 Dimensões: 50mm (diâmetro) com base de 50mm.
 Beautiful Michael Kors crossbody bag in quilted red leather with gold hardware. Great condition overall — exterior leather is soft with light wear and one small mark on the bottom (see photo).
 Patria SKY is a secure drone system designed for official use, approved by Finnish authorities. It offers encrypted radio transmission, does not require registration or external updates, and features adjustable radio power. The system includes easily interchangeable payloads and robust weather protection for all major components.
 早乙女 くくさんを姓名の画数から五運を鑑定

────────

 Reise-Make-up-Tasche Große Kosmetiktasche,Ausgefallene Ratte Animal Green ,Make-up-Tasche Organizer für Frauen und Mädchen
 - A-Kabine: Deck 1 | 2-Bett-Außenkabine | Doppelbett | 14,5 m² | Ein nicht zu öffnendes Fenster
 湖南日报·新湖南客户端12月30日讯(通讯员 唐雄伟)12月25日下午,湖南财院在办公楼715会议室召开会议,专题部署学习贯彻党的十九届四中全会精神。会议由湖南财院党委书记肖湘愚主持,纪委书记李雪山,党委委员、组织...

────────

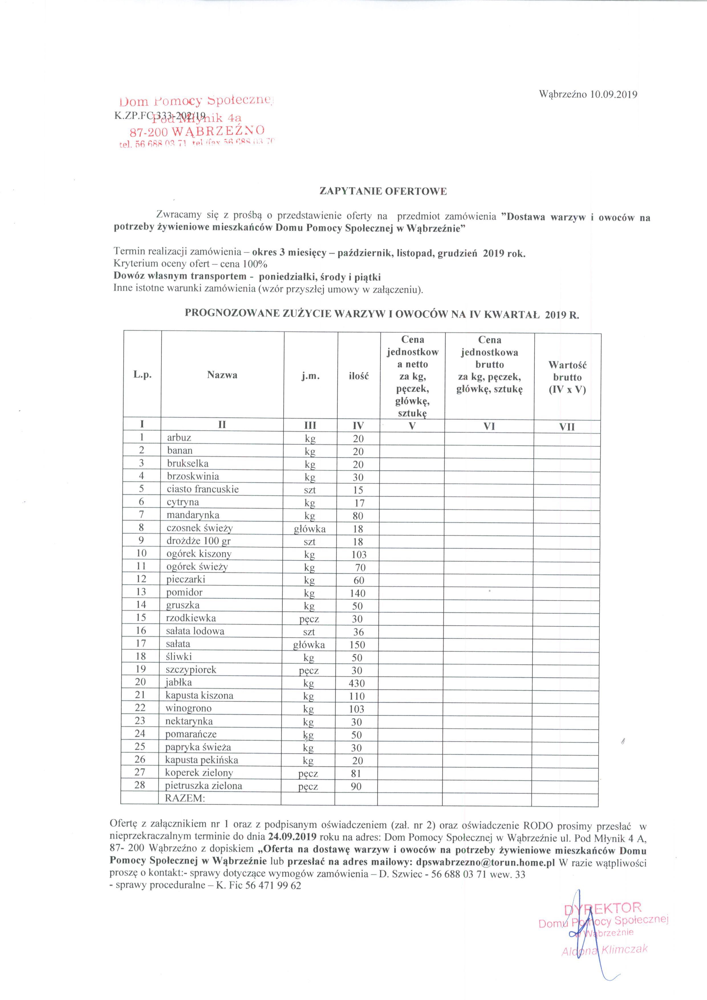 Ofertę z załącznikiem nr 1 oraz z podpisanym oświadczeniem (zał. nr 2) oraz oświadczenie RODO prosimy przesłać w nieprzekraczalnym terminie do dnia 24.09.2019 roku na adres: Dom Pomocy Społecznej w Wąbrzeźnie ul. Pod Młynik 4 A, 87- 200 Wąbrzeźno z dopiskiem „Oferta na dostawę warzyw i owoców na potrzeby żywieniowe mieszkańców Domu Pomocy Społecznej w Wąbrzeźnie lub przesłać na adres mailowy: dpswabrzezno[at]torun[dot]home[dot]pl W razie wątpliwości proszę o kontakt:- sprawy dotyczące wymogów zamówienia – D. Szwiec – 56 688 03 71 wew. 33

────────

Write out exactly the lines that fall from the line with "Dimensões: 50mm (diâmetro) com base de 50mm." to the line with "早乙女 くくさんを姓名の画数から五運を鑑定" in the records above, keeping both ends.

 Dimensões: 50mm (diâmetro) com base de 50mm.
 Beautiful Michael Kors crossbody bag in quilted red leather with gold hardware. Great condition overall — exterior leather is soft with light wear and one small mark on the bottom (see photo).
 Patria SKY is a secure drone system designed for official use, approved by Finnish authorities. It offers encrypted radio transmission, does not require registration or external updates, and features adjustable radio power. The system includes easily interchangeable payloads and robust weather protection for all major components.
 早乙女 くくさんを姓名の画数から五運を鑑定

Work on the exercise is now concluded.